Fig. 1. The structural diversity of bacteriocins.

Bacteriocins are typically classified into classes and subgroups based on their mechanism of production and secondary structures (Table 1). Lanthipeptides and other class I bacteriocins may contain complex intrapeptide bonds that are installed through enzymatic modifications of specific residues in the peptide backbone. These bonds may form small ring structures such as the C–O–C Trp–Trp ether bond in darobactin A (key residues coloured in grey) and the cacaoidin AviMeCys ring (modified residues coloured in orange). Multiple intrapeptide crosslinks may be formed following modification within one peptide such as the sacthioine bonds in ruminicoccin C1 (involved cysteine residues coloured in yellow). Class I bacteriocins may also feature post-translational installation of other moieties, shown here in glycosylated pallidocin at cysteine 25 and tyrosine 8 of cacaoidin.

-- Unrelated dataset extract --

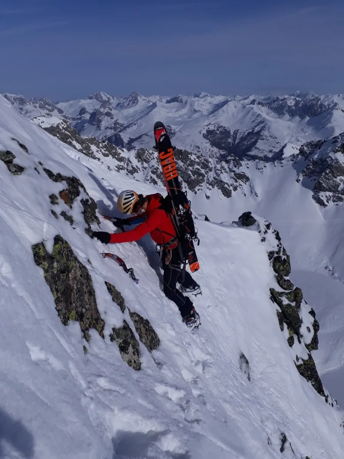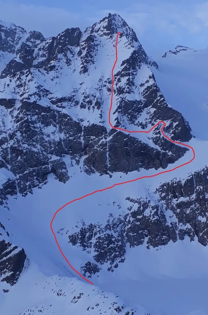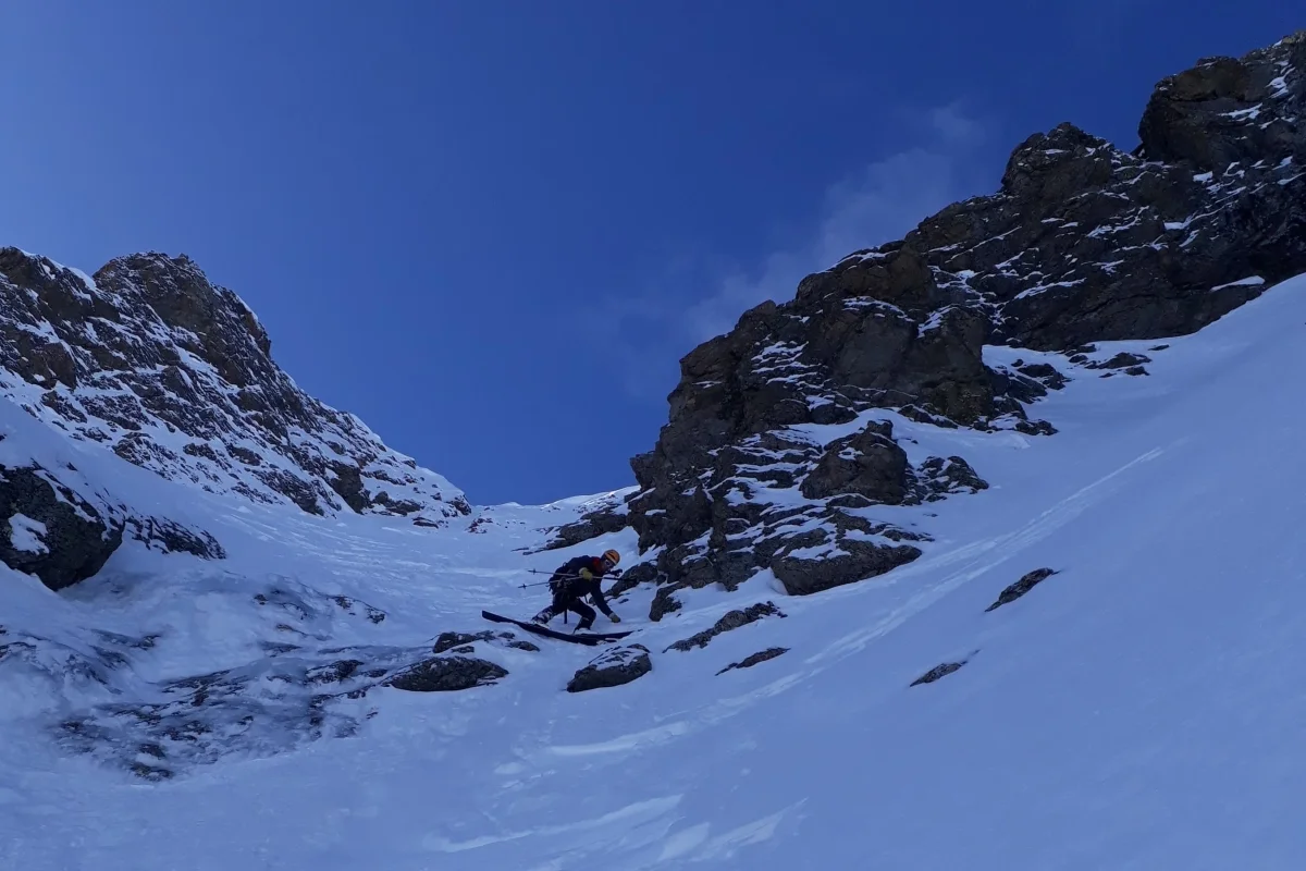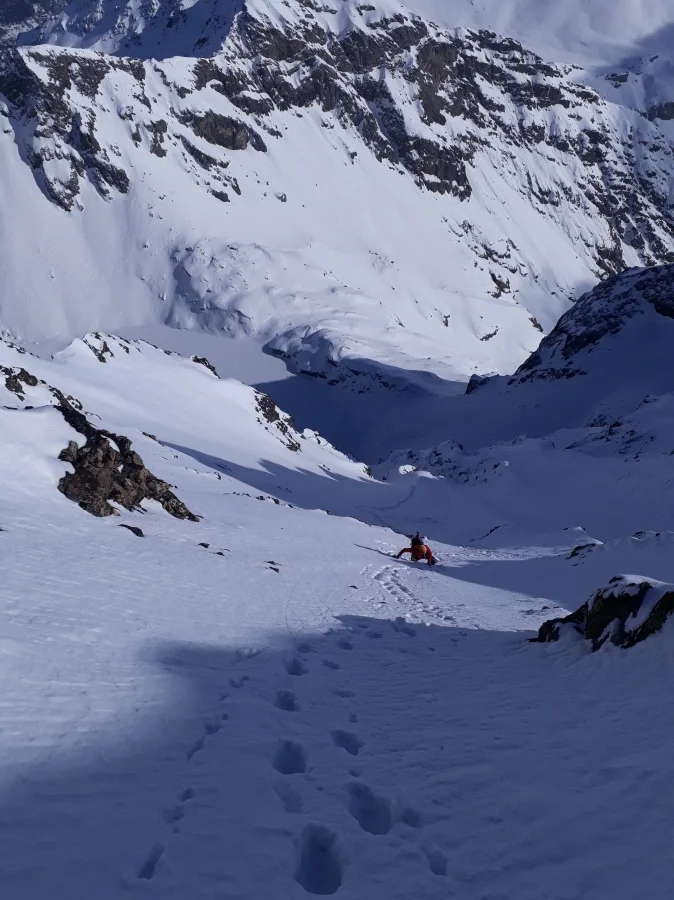 C’est partie pour la descente, les premiers mètres sont les plus raides on est tout de suite dans l’ambiance. La neige parfois croûtée nous force à être vigilants. Ça s’améliore bien ensuite, on enchaîne les virages dans une poudre froide jusqu’au ressaut. Un peu de dry-ski mais ça passe bien. Le deuxième est un plus délicat, encore du dry-ski sur quelques mètres, heureusement il y a de la glace pour ancrer le piolet.

Modified residues are not always part of larger ring structures, such as the thiazole and oxazole residues present in the linear azoline-containing peptide, klebsazolicin. Large ring structures, however, are prominent features of different subgroups of class I bacteriocins and take different forms such as the loop structure present in the lasso peptide ubonodin that is sterically locked by bulky tyrosine side chains or the macrocycle of the heavily modified thiomuracin A. The largest rings are present within the circular bacteriocins wherein N-terminal and C-terminal residues are covalently linked resulting in a closed loop structure. Class II bacteriocins do not undergo enzymatic modification and are therefore less enzymatically decorated but may feature disulfide bonds that can also result in intercalated structures of such as those in defensin-like bacteriocins, such as actifensin. LAP, linear azole-containing or azoline-containing peptide.